Si dice ora che fu sparato per caso, o per sbaglio, o per intemperanza dei singoli, o per legittima difesa, sia pure in eccesso. Si dà la colpa allo Slivovitz, si cerca di dividere le responsabilità fra le due parti, al cinquanta per cento. Troppa la provocazione dei milanesi, troppa la reazione della Polizei. Sono i soliti discorsi che si fanno dopo, quando si vuole stendere un velo sopra la verità, che scomoda molta gente.

Ebbene io posso dire con sicurezza che quei due morti del due di Gennaio sono stati previsti e voluti e deliberatamente calcolati dal cinismo di Fatebenefratelli e del famigerato Bolza. Si è voluto dare una lezione alle teste calde; riportare le pecore (che pecore non sono) all’ovile dell’obbedienza. È stata una cosa tutta programmata a puntino, a cominciare dalla distribuzione straordinaria, in caserma, del tabacco e dell’acquavite. E difatti la provocazione è continuata nei successivi giorni di Gennaio, allargandosi dal centro verso il circuito, prima dei Navigli e poi dei bastioni.

[Luciano Bianciardi, Ai miei cari compagni, Stampa alternativa, 2007]

Nel volumetto appena stampato, Bianciardi ricostruisce come in un diario i fatti del gennaio 1848. A Milano c’è lo sciopero del fumo per boicottare il monopolio asburgico sul tabacco. Seguono provocazioni da parte degli austriaci, piccoli tafferugli che esplodono in città fino a quando arriva la reazione dei Polizei, gli spari e due corpi che restano a terra: un bimbo di 4 anni e un vecchio di 74.

1848 / 2001. Milano / Genova.

Certo il Bolza e lo Slivovitz non c’erano al G8, ma qualche loro degno erede sì. E al posto degli austriaci, dell’invasore straniero, cittadini italiani in divisa, contro tutto e tutti.

Nel 1848 non esistevano fotografie o videocamere. Era molto più facile allora mettere tutto a tacere, falsificare l’andamento dei fatti. Eppure i resoconti dei testimoni, le lettere, i diari, come quelli studiati e ripercorsi da Bianciardi, ci permettono di conoscere e ricordare.

Il G8 invece è stato un enorme evento mediatico: migliaia di immagini, filmati e registrazioni hanno mostrato al mondo quanto è successo in quei giorni.
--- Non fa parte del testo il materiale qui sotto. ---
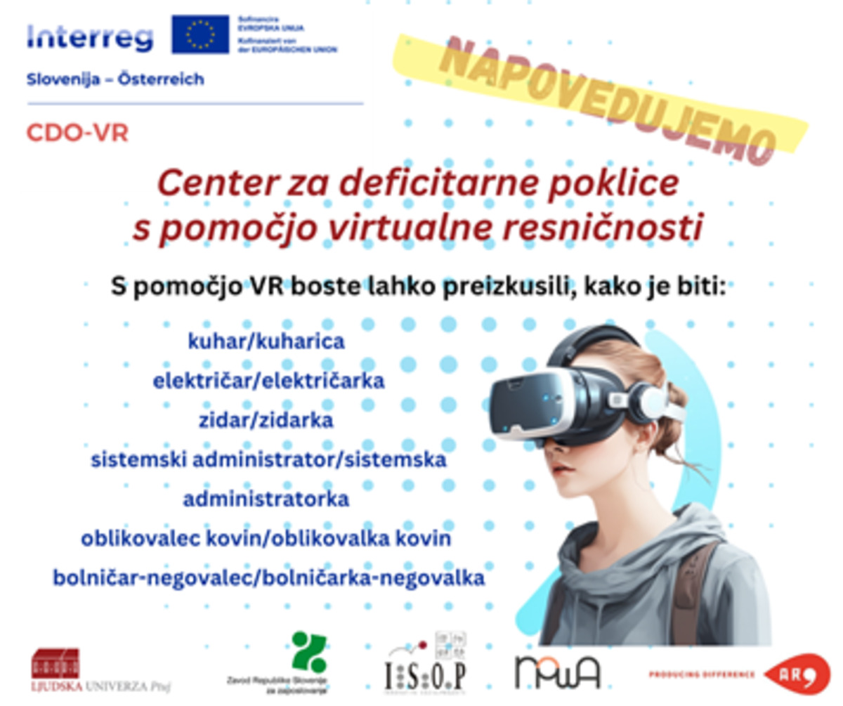 Ljudska univerza Ptuj si skupaj s partnerji iz Slovenije in Avstrije prizadeva z inovativnimi in tehnološko naprednimi pristopi pri mladih vzbuditi interes za deficitarne poklice, v katerih delodajalcem primanjkuje kadra. Center za deficitarne poklice s pomočjo VR je plod projekta CDO-VR, ki je v okviru programa Interreg Slovenija-Avstrija sofinanciran s sredstvi Evropskega sklada za regionalni razvoj (ESSR).
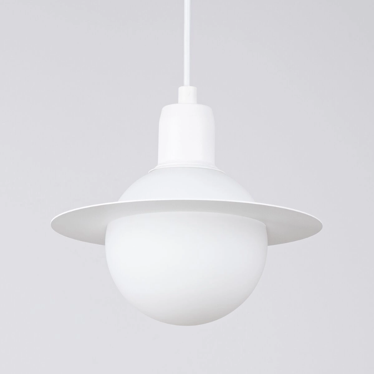 - Bílá závěsná lampa koule – univerzálnost a lehkost – hodí se do obýváku, jídelny, kuchyně, předsíně i studentského pokoje.
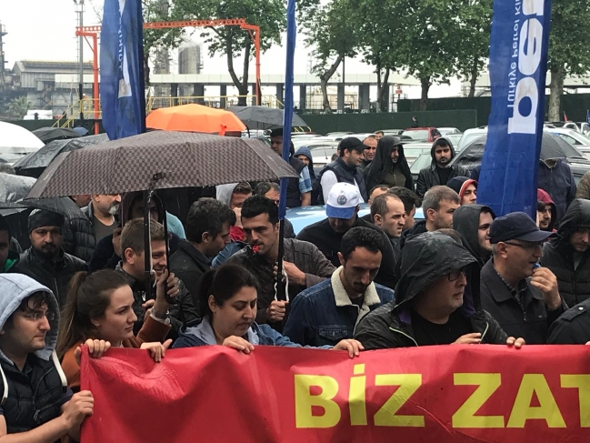 Sağanak yağmur altında B kapıda toplanan Tüpraş işçisi alkış ve sloganlar eşliğinde A kapıya kadar yürüdü.Şube Başkanımız Salih AKDUMAN TİS süreci ile ilgili yağmur altında bekleyen üyelerimize açıklamada bulundu.

La Commissione parlamentare di inchiesta affossata nei giorni scorsi, avrebbe dovuto consegnare alla storia la verità di quel che è accaduto a Genova nel luglio 2001, la verità mostrata in tutte quelle testimonianze. Ma è una verità scomoda, perturbante e dolorosa. Meglio allora archiviarle quelle immagini, chiuderle in file e faldoni il più a lungo possibile. La gente ha poca memoria, dimenticherà anche questo.

Nel suo prossimo libro, Walter Veltroni ci spiegherà che in fondo è andata bene così.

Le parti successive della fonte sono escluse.